__INFORMATION SHOWN__
"""
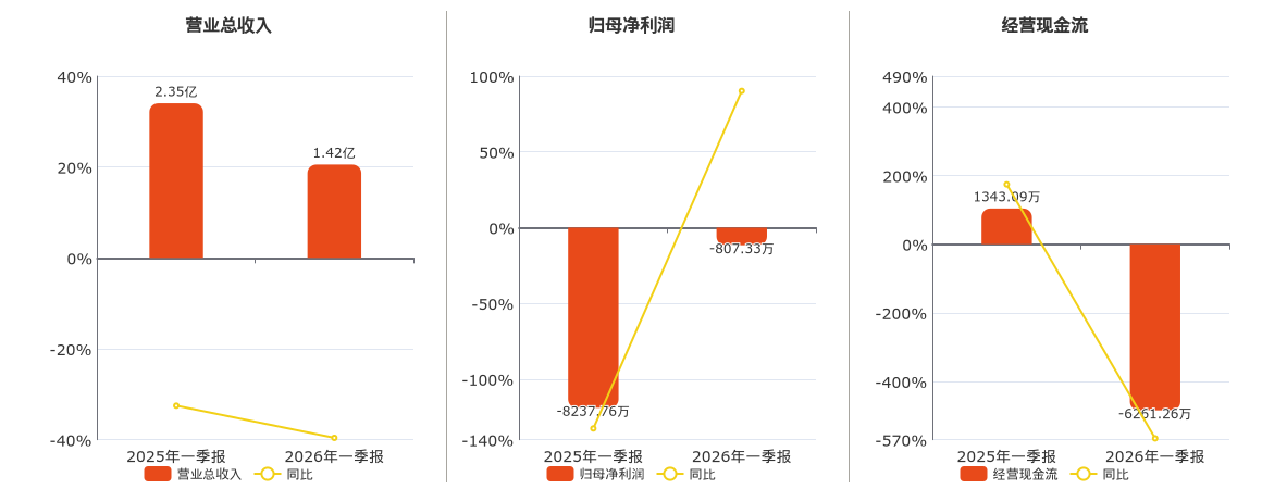公司截至2026年3月31日,*ST三圣营业总收入为1.42亿元,较去年同报告期营业总收入减少9303.54万元,同比较去年同期下降39.60%。截至2026年3月31日,*ST三圣归母净利润为-807.33万元。截至2026年3月31日,*ST三圣经营活动现金净流入为-6261.26万元,较去年同报告期经营活动现金净流入减少7604.35万元,同比较去年同期下降566.18%。
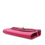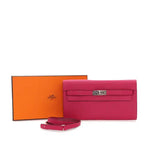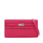 This Kelly To Go crossbody features a Chevre Mysore leather body in Rose Pourpre color, a removable flat leather shoulder strap, a front flap with turn-lock closure, and interior zip and slip pockets.
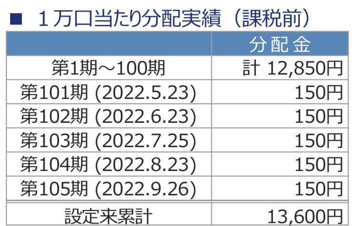 毎月150円出すということは、年間で1800円。現在(2022.10.18)、8000円くらいの基準価額ですから、2.25%の配当性向です。これまで13年間で13,600円出してきたそうです。良かったですね(皮肉)。
"""
__WHAT YOU ARE ASKED TO DO__
Restate the listing above word for word. Leave the images out.

__WRITTEN SOLUTION__
公司截至2026年3月31日,*ST三圣营业总收入为1.42亿元,较去年同报告期营业总收入减少9303.54万元,同比较去年同期下降39.60%。截至2026年3月31日,*ST三圣归母净利润为-807.33万元。截至2026年3月31日,*ST三圣经营活动现金净流入为-6261.26万元,较去年同报告期经营活动现金净流入减少7604.35万元,同比较去年同期下降566.18%。
 This Kelly To Go crossbody features a Chevre Mysore leather body in Rose Pourpre color, a removable flat leather shoulder strap, a front flap with turn-lock closure, and interior zip and slip pockets.
 毎月150円出すということは、年間で1800円。現在(2022.10.18)、8000円くらいの基準価額ですから、2.25%の配当性向です。これまで13年間で13,600円出してきたそうです。良かったですね(皮肉)。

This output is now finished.